Это не книжка – записи из личного дневника. Точнее только те, у которых стоит пометка «Рим». То есть они написаны в Риме и чаще всего они о Риме. На протяжении лет эти заметки о погоде, бытовые сценки, цитаты из трудов, с которыми я провожу время, были доступны только моим друзьям онлайн. Но благодаря их вниманию, увидела свет книга «Моя Италия». Так я решила издать и эти тексты: быть может, кому-то покажется занятным побывать «за кулисами» бестселлера.
В книге рассказывается история главного героя, который сталкивается с различными проблемами и препятствиями на протяжении всего своего путешествия. По пути он встречает множество второстепенных персонажей, которые играют важные роли в истории. Благодаря опыту главного героя книга исследует такие темы, как любовь, потеря, надежда и стойкость. По мере того, как главный герой преодолевает свои трудности, он усваивает ценные уроки жизни и растет как личность.
В книге рассказывается история главного героя, который сталкивается с различными проблемами и препятствиями на протяжении всего своего путешествия. По пути он встречает множество второстепенных персонажей, которые играют важные роли в истории. Благодаря опыту главного героя книга исследует такие темы, как любовь, потеря, надежда и стойкость. По мере того, как главный герой преодолевает свои трудности, он усваивает ценные уроки жизни и растет как личность.
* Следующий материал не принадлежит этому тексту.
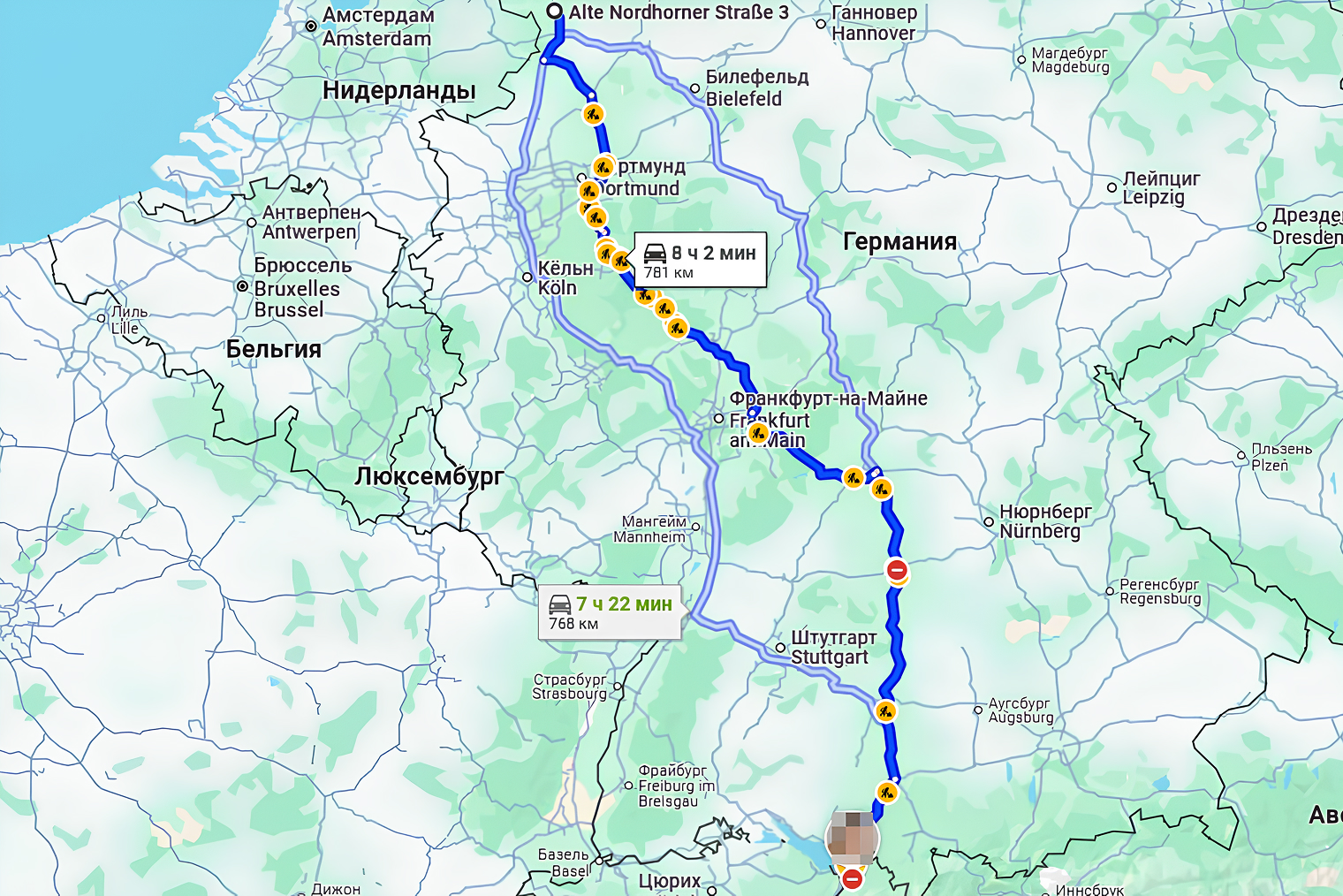 Подходящий вариант нашелся довольно далеко — на северо-западе Германии, на границе с Нидерландами, в городе Оснабрюк. Но это меня не пугало. Во-первых, у меня большой водительский стаж — с 2013 года. Во-вторых, я готов потерпеть трудности и приложить усилия, чтобы купить близкий к идеальному вариант для длительного и ежедневного использования всей семьей. В-третьих, было интересно прочувствовать немецкие автобаны без ограничений скорости.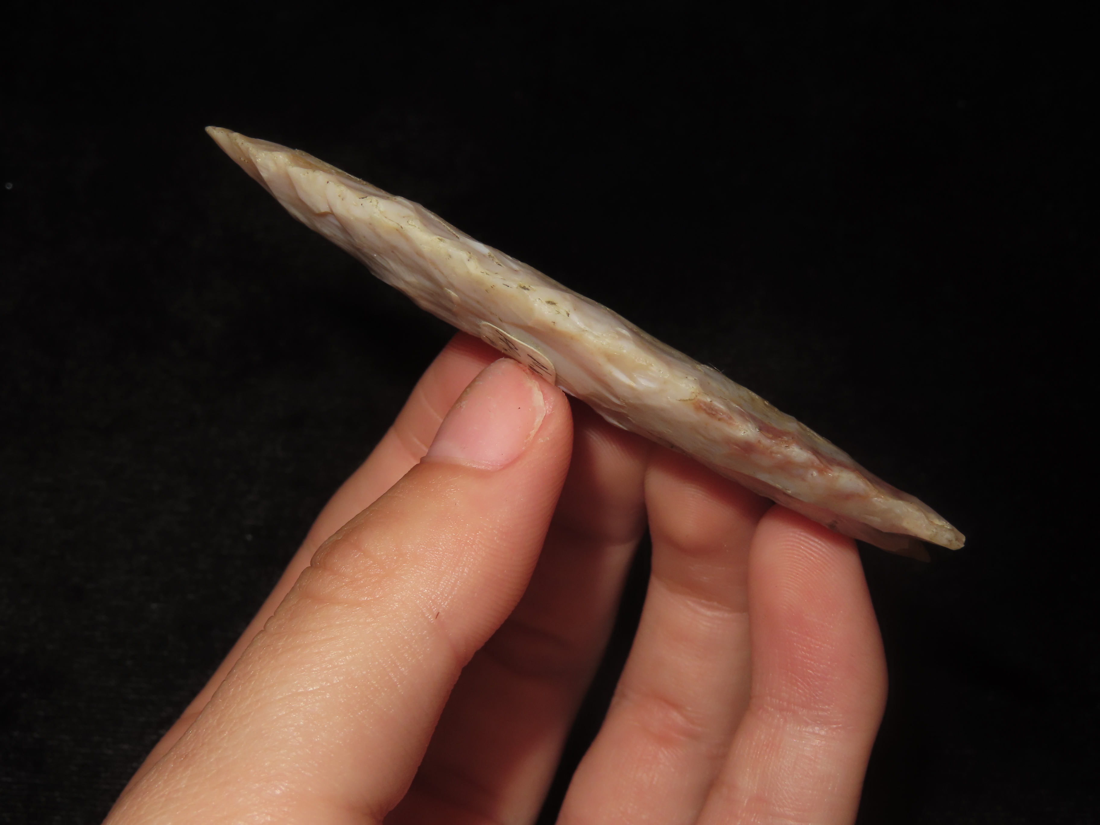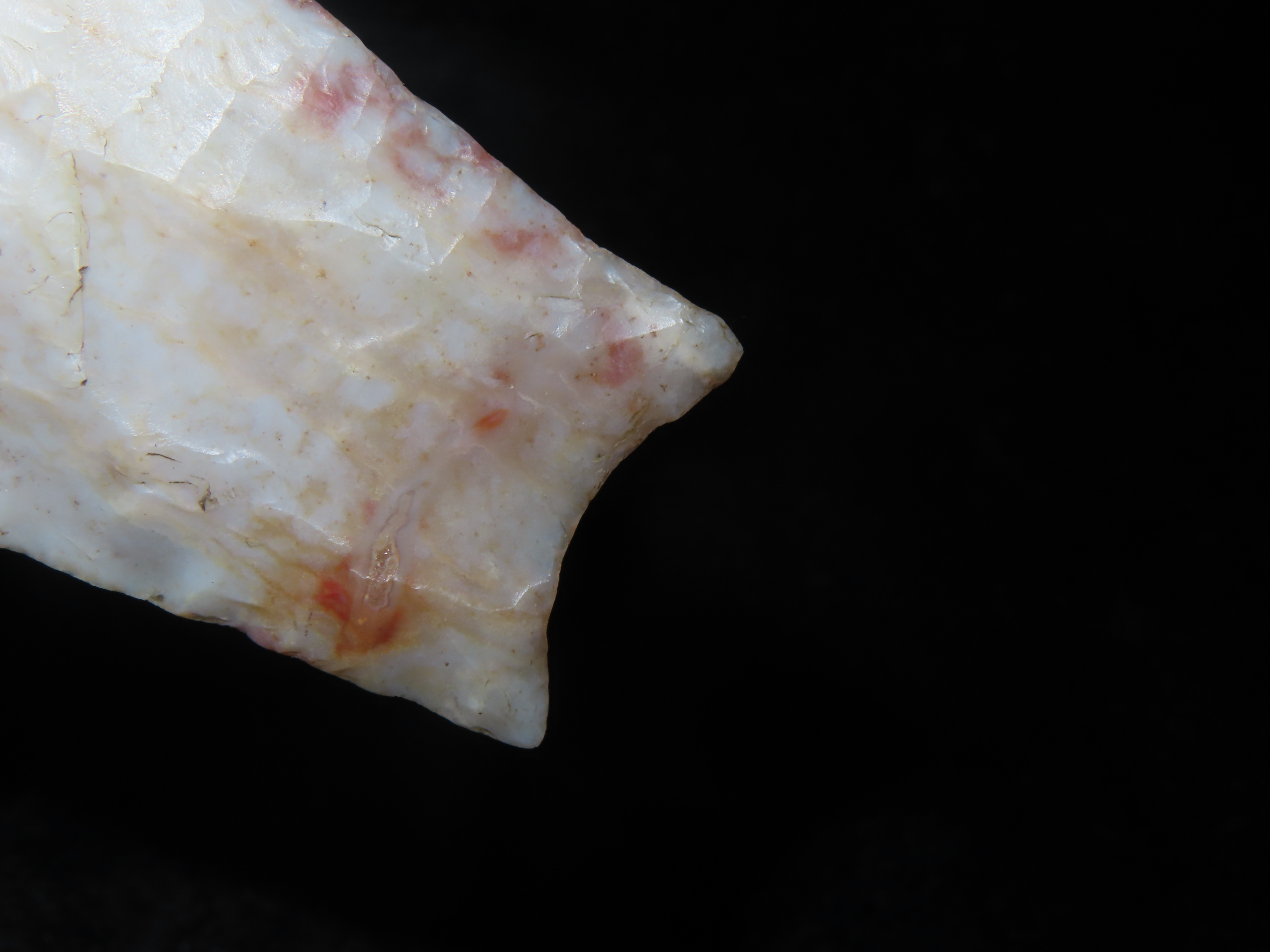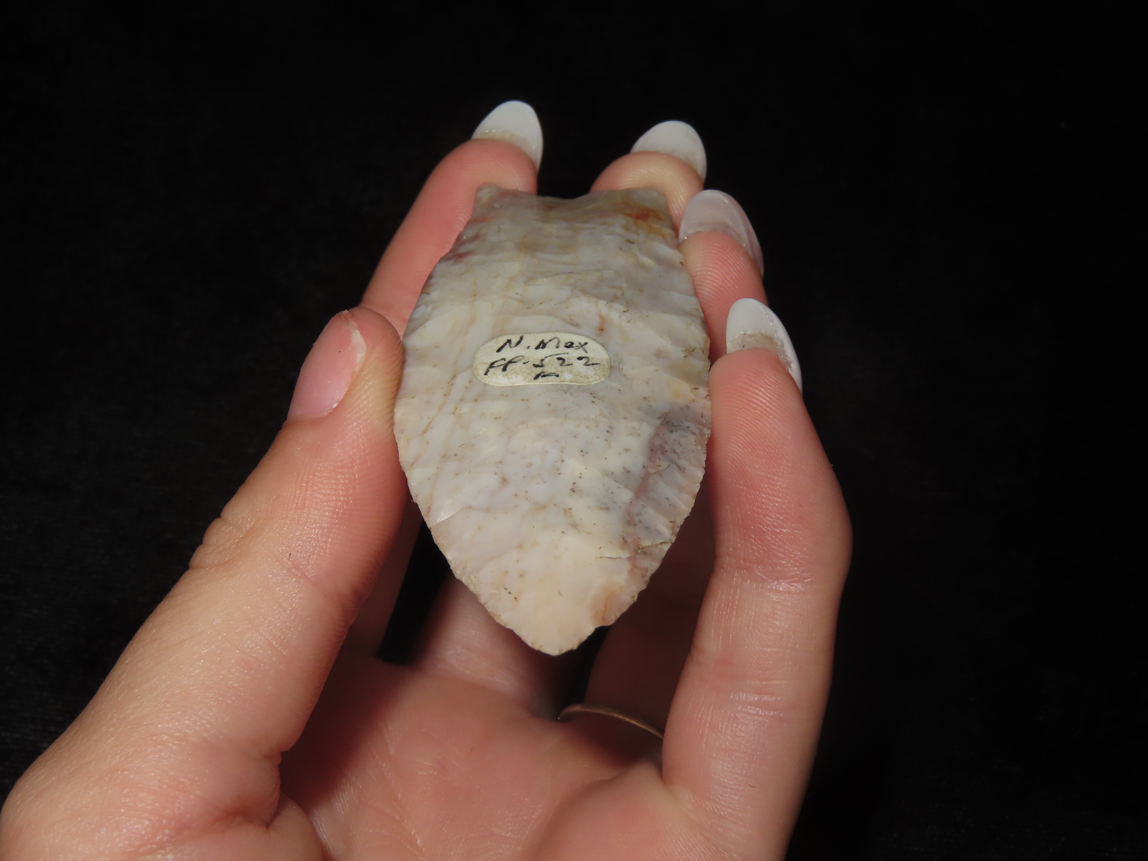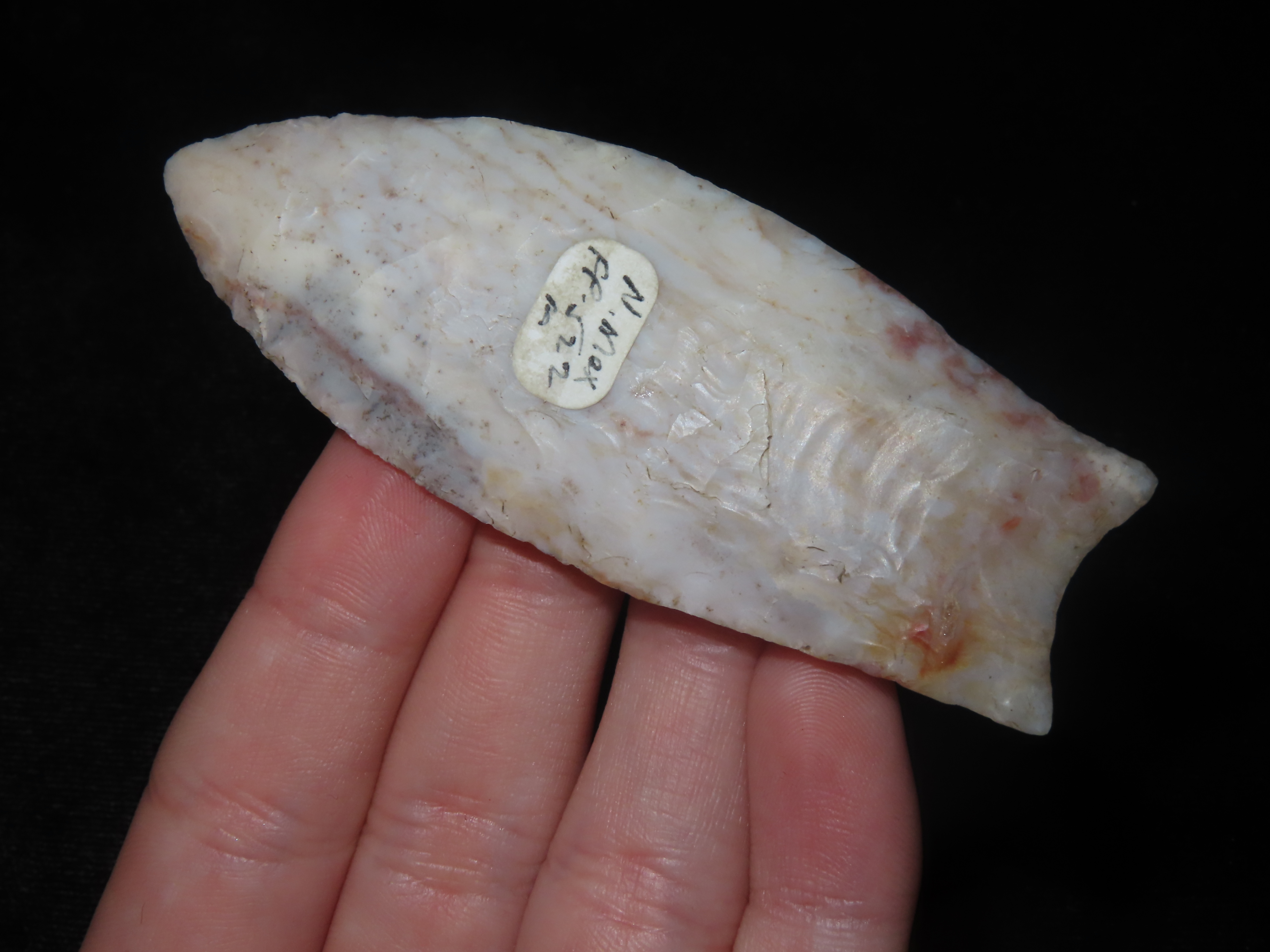 3 1/16″ Alibates Clovis, New Mexico, Motley COA, Very Colorful & Highly Translucent, Well flaked Example, Ex Walt McIntyre Collection. Fluted on Both Sides. Has some Glue on One Side from Being glued in a Frame at one time.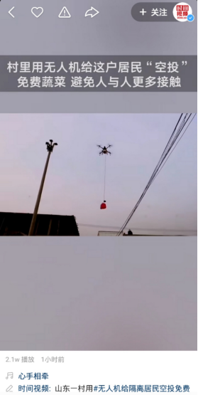 据@时间视频快手号报道,当地有一户居民,从武汉返乡后居家隔离。村干部为减少人员接触,于是派出无人机,给这户人家免费“空投”方便面和蔬菜。

В книге рассказывается история главного героя, который сталкивается с различными проблемами и препятствиями на протяжении всего своего путешествия. По пути он встречает множество второстепенных персонажей, которые играют важные роли в истории. Благодаря опыту главного героя книга исследует такие темы, как любовь, потеря, надежда и стойкость. По мере того, как главный герой преодолевает свои трудности, он усваивает ценные уроки жизни и растет как личность.
В книге рассказывается история главного героя, который сталкивается с различными проблемами и препятствиями на протяжении всего своего путешествия. По пути он встречает множество второстепенных персонажей, которые играют важные роли в истории. Благодаря опыту главного героя книга исследует такие темы, как любовь, потеря, надежда и стойкость. По мере того, как главный герой преодолевает свои трудности, он усваивает ценные уроки жизни и растет как личность.
В книге рассказывается история главного героя, который сталкивается с различными проблемами и препятствиями на протяжении всего своего путешествия. По пути он встречает множество второстепенных персонажей, которые играют важные роли в истории. Благодаря опыту главного героя книга исследует такие темы, как любовь, потеря, надежда и стойкость. По мере того, как главный герой преодолевает свои трудности, он усваивает ценные уроки жизни и растет как личность.